My cheeks heated as memories of the previous night assaulted my brain. Franklin and I didn’t have sexy times every night. Many nights, we just cuddled in bed. Being wrapped in his strength and warmth was just as intimate as sex. At least to me. I’d learned Franklin felt the same. It was simply another way we fit together so amazingly well.
I rubbed the already healed bruises on my neck and collarbone, wishing I could still feel their sting.
“While I’m enjoying this conversation a little too much, we should probably change the topic before I have to excuse myself to the restroom. I’m afraid that trip will be rather embarrassing considering what’s going on south of my waistline.”
My grin turned into a goofy smile. “Yeah. I hear what you’re saying. Don’t worry, I’ve got a topic that will make your nether regions appear respectable again.”
Franklin sighed long and deep. “Hit me with it.”
“It’s nothing bad, or at least nothing new. I opened up the file with the list of necromancer mother names and it’s lengthy.”
“Why do I get the feeling you’re downplaying the number of names on that list?”
“Because you’re an excellent detective,” I teased.
Franklin huffed an abbreviated laugh. “I see we’re to the buttering up part of the conversation.”
My mirth softened. “I think I’m gonna need a little help on this one. Unsurprisingly, there’s nothing else. Just names. I suppose I should be grateful there are last names listed also. Although, that’s hardly for my benefit.” I considered that thought and amended. “I should probably be grateful they didn’t remove the last names before the list was sent to me.” I didn’t know if the women’s addresses were recorded but had a feeling they were. The more information a warlock had on a defective human mother, the better.
“You want me to see if Becks has time to whittle the list down?”

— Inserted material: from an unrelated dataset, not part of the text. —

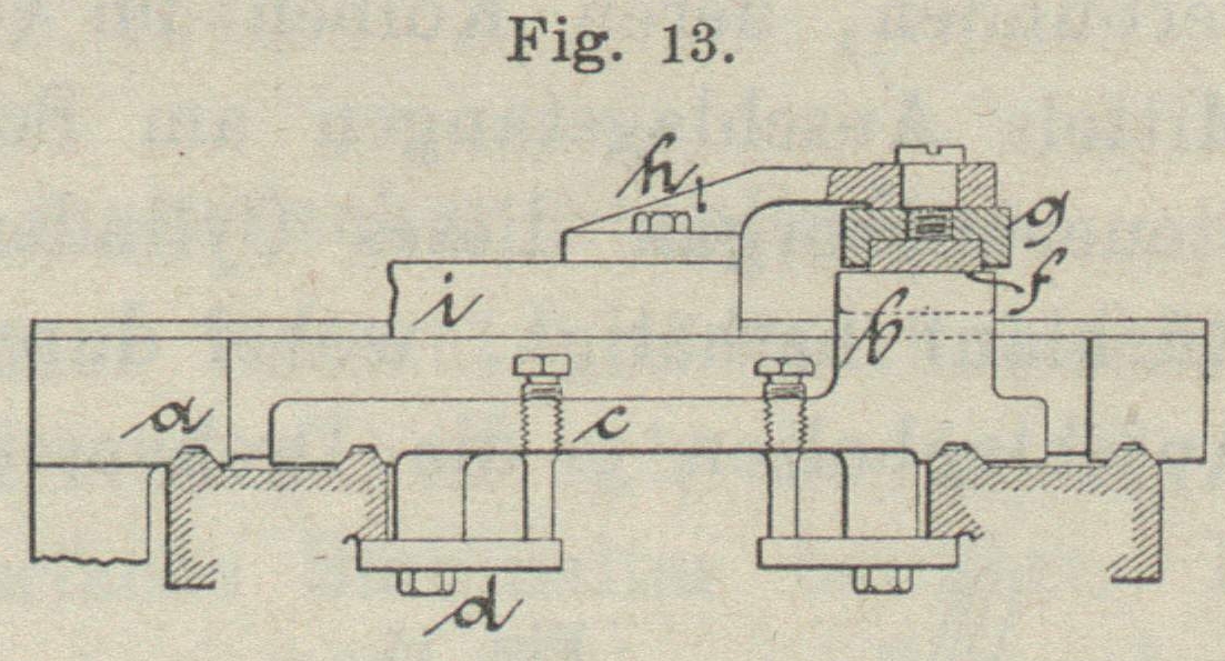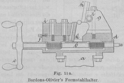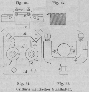 vierfache Stahlhalter bewährt. Der gusseiserne Gabelaufsatz b, welcher mit zwei Schrauben c am

“Do you think Captain Cicely will mind? It’s not exactly police business and I’m sure Officer Becks has a lot more important work on her cyber-plate.”
“I think the captain will be more than happy to help. I can’t promise it will take priority, but I’m certain Captain Cicely will okay the time and resources when available. Besides, this is just the kind of thing that Becks loves. I guarantee you she’ll be over the moon with the challenge.”
Franklin’s surety eased a lot of my concerns. “As long as you don’t think either of them will mind. I don’t want to take advantage of their generosity. Captain Cicely doesn’t owe me anything.”
“Debatable, but I know no amount of arguing will convince you otherwise. The captain’s in a meeting this morning. I’ll double-check with her when she returns and get back to you. In the meantime, why don’t you go ahead and forward the list of names to me? That way I’m ready to go when Captain Cicely gives the okay.”
Leaning forward, I tapped a few keys on my laptop. “Just sent it.”
“Let me make sure I got it. Yup, it’s there.”
I inhaled, feeling like a weight had been lifted from my shoulders. This problem shared was more than halved. “Thanks, Franklin.”
“No thanks needed. As soon as I’ve got the okay from the captain, I’ll get with Becks and see what the best method is to attack this list. We’ll figure out how to make it more manageable without wasting a lot of time none of us have.”
My goofy grin turned soft and the words “I love you” slipped free.
There was a pause, and I thought I heard Franklin take a deep inhale before he said, “I love you too. We’ll get this sorted. We’ll find the other necromancers and figure out a way to get them the help they need.”
My eyes slipped closed as we ended our conversation. Dropping the phone to the couch cushion beside me, I found my mind drifting as the warmth of the fire enveloped me. The next thing I knew, it was early afternoon and the fire had dwindled to little more than smoldering coals.